The United States normally has enjoyed stronger productivity in recent years than Europe, an increase many economists attribute to fewer U.S. restrictions prohibiting layoffs than in Europe.
Over the decade from 1995 to 2005, annual productivity gains averaged 1 percentage point higher in the United States than the 16-nation euro zone. Productivity rose on average 2.4 percent in the United States during this decade and 1.4 percent in Europe.
The recession that began in December 2007 in the United States before spreading around the world has been the sharpest downturn since the 1930s, resulting in a loss of 7.2 million jobs in the United States.

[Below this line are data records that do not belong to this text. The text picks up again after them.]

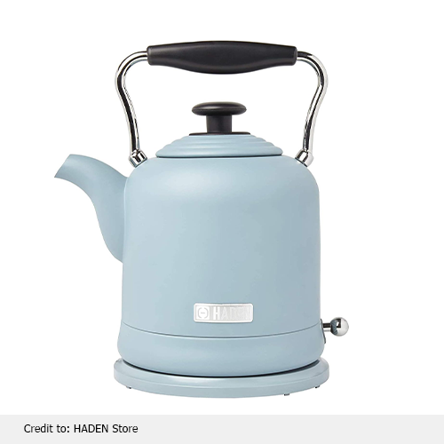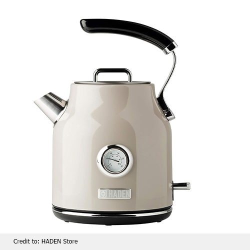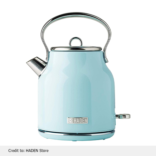 The kettles have a water-fill window to precisely measure the amount of water needed. The indicator light tells when the water is boiled, by turning it on. All the electric kettles from the Haden series also have a dry-boil protection feature. Another feature, named auto turn-off, turns off the kettle as soon as the water has boiled. The material used in these kettles is stainless steel, which poses no harm to health and offers durability. Thus Haden electric kettle is highly recommended by our professionals for its retro aesthetic look combined with modern functionality.
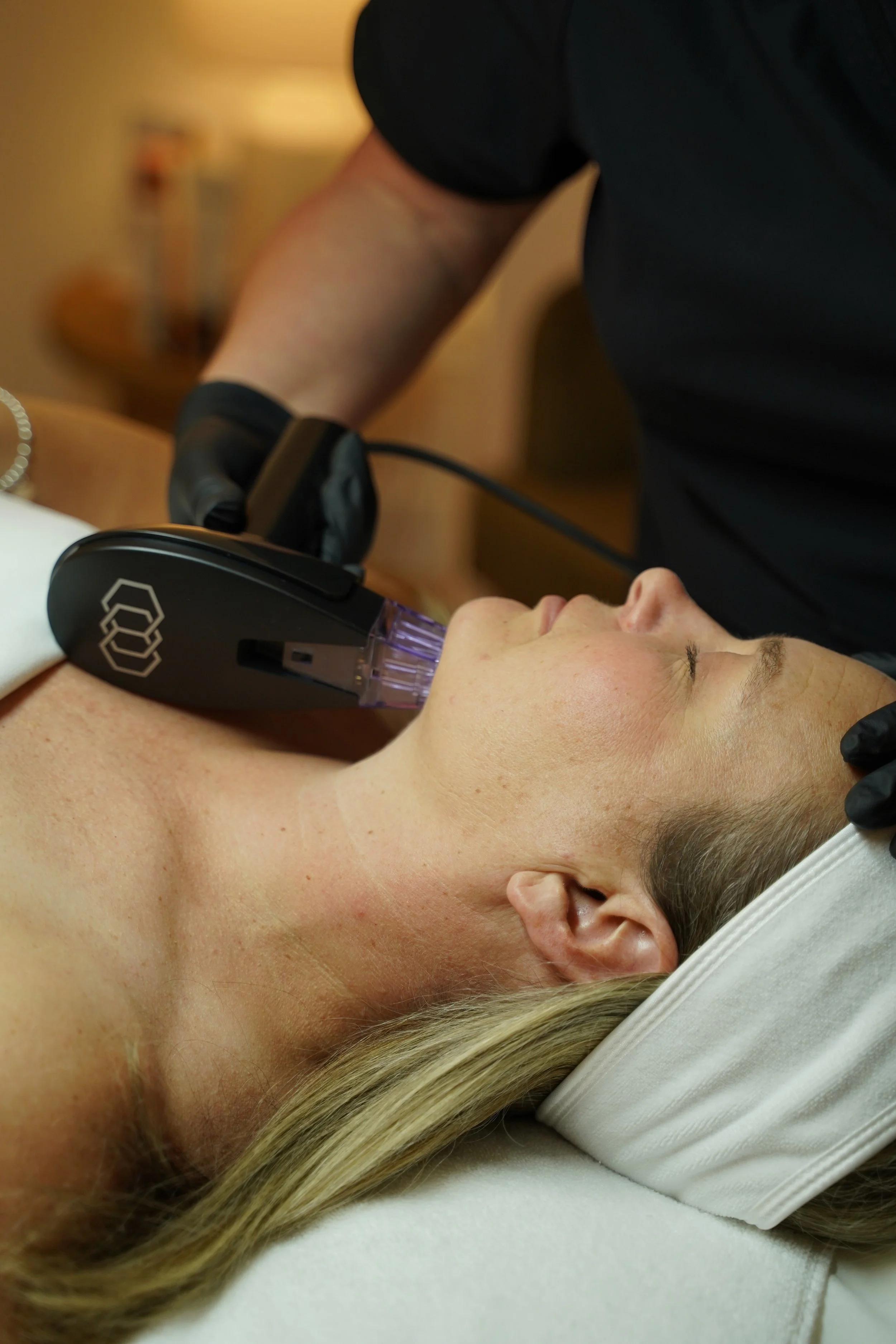 Delivering 24 silicone-coated needles beneath the skin, sending precise radio frequency into the tissue, tightening and stimulating further collagen and elastin production.
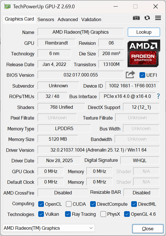 | Genomsnitt AMD Radeon 680M (7.41 - 9.53, n=4) | |
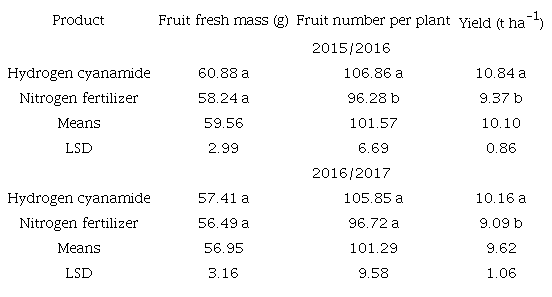 Comparing the two products in the 2015/2016 season, the highest of number of fruits per plant and yield were obtained in plants treated with hydrogen cyanamide, with averages of 106.9 fruits and 10.8 t ha-1, corresponding to the increase of 11.0 and 15.2, respectively, when compared to nitrogen fertilizer (Table 1). In 2016/2017 season, only yield (10.2 t ha-1) that received hydrogen cyanamide application were higher, being 12.2% higher than the values obtained with nitrogen fertilizer (9.1 t ha-1) (Table 1).
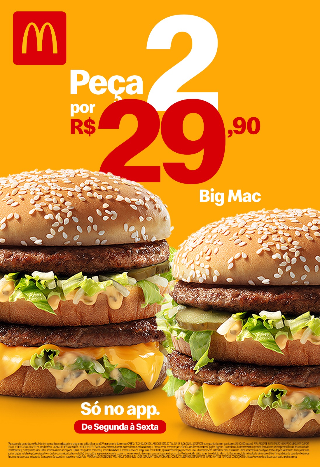 Sabe quando bate aquela vontade específica, que só um Big Mac resolve? Ou quando o jogo do seu time vai começar e tudo o que você quer é um Quarterão na mão? São nesses momentos que a gente sabe que é Hora de Méqui! A partir de hoje o McDonald’s convida todo mundo a curtir seus clássicos favoritos com promoções irresistíveis. O destaque vai para os fãs dos ícones do cardápio, que podem aproveitar 2 Big Mac, 2 Cheddar McMelt ou 2 Quarterão por apenas R$29,90. A oferta é ativada por meio de cupom no app e válida de segunda a sexta-feira nos totens de autoatendimento dos restaurantes, no drive-thru e no Peça e Retire.
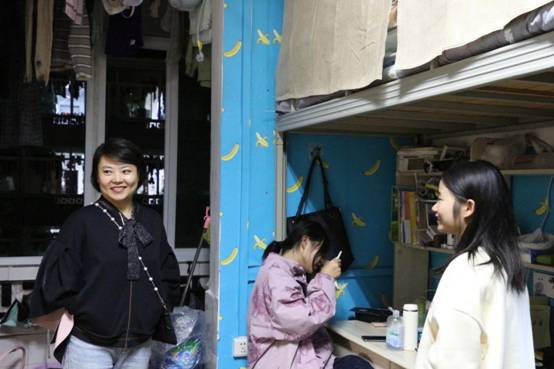 杨部长一行人走访男生宿舍,走访过程中,他亲切地询问新生们第一周的课堂学习情况,又与同学们分享了自己上大学时的宿舍生活,让同学们感到格外的亲切。辅导员魏春梅老师、何丹丽老师等走访女生宿舍,她们关心同学们学习、生活等方面的情况,并鼓励同学们积极参加大学各类活动。谈话在欢声笑语中进行,气氛十分融洽。

U.S. companies have been experiencing a boom in productivity as the amount of output per hour of work rises as the workers remaining after successive waves of layoffs turn out more per hour. Productivity rose at an annual rate of 8.1 percent in the July-September quarter, the biggest jump since 2003, the Labor Department reported last month.
The Conference Board's projection of a 2.5 percent increase for all of 2009 is in line with the expectations of other private forecasters and would exceed the gains averaging less than 2 percent annually for the four years before 2009.
Normally, a big jump in productivity would translate into higher wages for workers but that has not occurred during the current deep downturn that has seen labor costs falling sharply in the United States as companies struggling to survive the recession have used the increases in productivity and reduced work forces to bolster their bottom lines and shore up profits.
The projected 2.5 percent rise in productivity for all of 2009 in the United States, while better than the performance in Europe, will be outpaced by many emerging economies, the Conference Board said. It projected that productivity would surge by 8.2 percent in China in 2009 followed by a sizable 7.7 percent gain in 2010.
The report found that productivity growth in the seven largest emerging market economies — Brazil, China, India, Indonesia, Mexico, Russia and Turkey — averaged an estimated 3.6 percent in 2009, down from a 5.3 percent growth rate in 2008.
That average, however, masked wide differences between developing countries.
Productivity actually fell by an estimated 3.8 percent in Russia in 2009 and was down 3.2 percent in Turkey while rising by estimated 3.9 percent in India and 8.2 percent in China.
The Conference Board produces an annual report on global productivity.